**Provided material**

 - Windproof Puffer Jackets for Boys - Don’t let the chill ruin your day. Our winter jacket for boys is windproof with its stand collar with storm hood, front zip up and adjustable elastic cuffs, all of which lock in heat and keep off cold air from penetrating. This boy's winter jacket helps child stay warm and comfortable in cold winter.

* * *

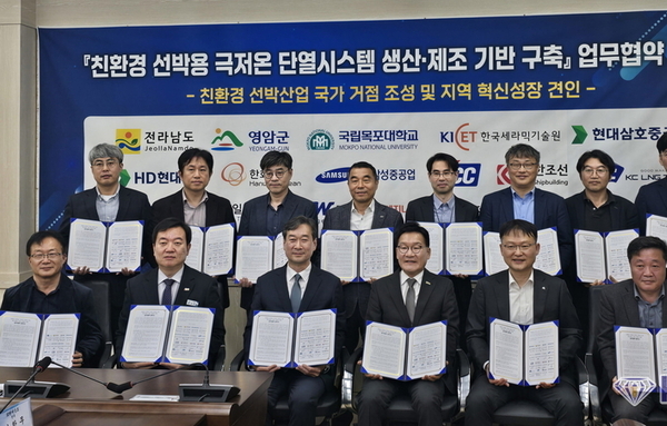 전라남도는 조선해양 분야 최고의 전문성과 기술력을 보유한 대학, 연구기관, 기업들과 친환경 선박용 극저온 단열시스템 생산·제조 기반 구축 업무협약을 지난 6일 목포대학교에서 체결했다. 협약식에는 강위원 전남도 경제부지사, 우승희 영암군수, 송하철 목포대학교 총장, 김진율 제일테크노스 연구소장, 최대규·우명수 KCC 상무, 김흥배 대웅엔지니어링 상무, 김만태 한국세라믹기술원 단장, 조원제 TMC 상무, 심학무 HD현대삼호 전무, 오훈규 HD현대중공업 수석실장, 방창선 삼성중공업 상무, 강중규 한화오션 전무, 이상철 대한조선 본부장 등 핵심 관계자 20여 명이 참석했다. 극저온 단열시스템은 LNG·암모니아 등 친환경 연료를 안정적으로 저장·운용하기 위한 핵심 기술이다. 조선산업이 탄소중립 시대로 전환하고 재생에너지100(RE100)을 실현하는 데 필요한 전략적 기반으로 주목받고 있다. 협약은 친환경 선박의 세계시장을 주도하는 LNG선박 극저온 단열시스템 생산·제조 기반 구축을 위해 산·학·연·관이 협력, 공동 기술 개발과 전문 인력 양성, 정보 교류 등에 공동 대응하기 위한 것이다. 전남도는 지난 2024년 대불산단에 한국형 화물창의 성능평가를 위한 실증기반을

...

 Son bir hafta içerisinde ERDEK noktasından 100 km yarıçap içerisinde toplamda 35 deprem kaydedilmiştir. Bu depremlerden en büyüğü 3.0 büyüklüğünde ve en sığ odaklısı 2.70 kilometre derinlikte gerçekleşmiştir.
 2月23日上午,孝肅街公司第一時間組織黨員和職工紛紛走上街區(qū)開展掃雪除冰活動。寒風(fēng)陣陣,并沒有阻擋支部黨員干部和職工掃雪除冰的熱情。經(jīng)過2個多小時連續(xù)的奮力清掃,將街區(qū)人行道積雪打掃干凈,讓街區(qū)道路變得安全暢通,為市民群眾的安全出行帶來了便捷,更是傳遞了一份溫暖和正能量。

**The problem**
Precisely the lines between those holding "Son bir hafta" and "2月23日上午,孝肅街公司第", inclusive, are to be reproduced from the listing above, with nothing added.

**Answer to this task**
 Son bir hafta içerisinde ERDEK noktasından 100 km yarıçap içerisinde toplamda 35 deprem kaydedilmiştir. Bu depremlerden en büyüğü 3.0 büyüklüğünde ve en sığ odaklısı 2.70 kilometre derinlikte gerçekleşmiştir.
 2月23日上午,孝肅街公司第一時間組織黨員和職工紛紛走上街區(qū)開展掃雪除冰活動。寒風(fēng)陣陣,并沒有阻擋支部黨員干部和職工掃雪除冰的熱情。經(jīng)過2個多小時連續(xù)的奮力清掃,將街區(qū)人行道積雪打掃干凈,讓街區(qū)道路變得安全暢通,為市民群眾的安全出行帶來了便捷,更是傳遞了一份溫暖和正能量。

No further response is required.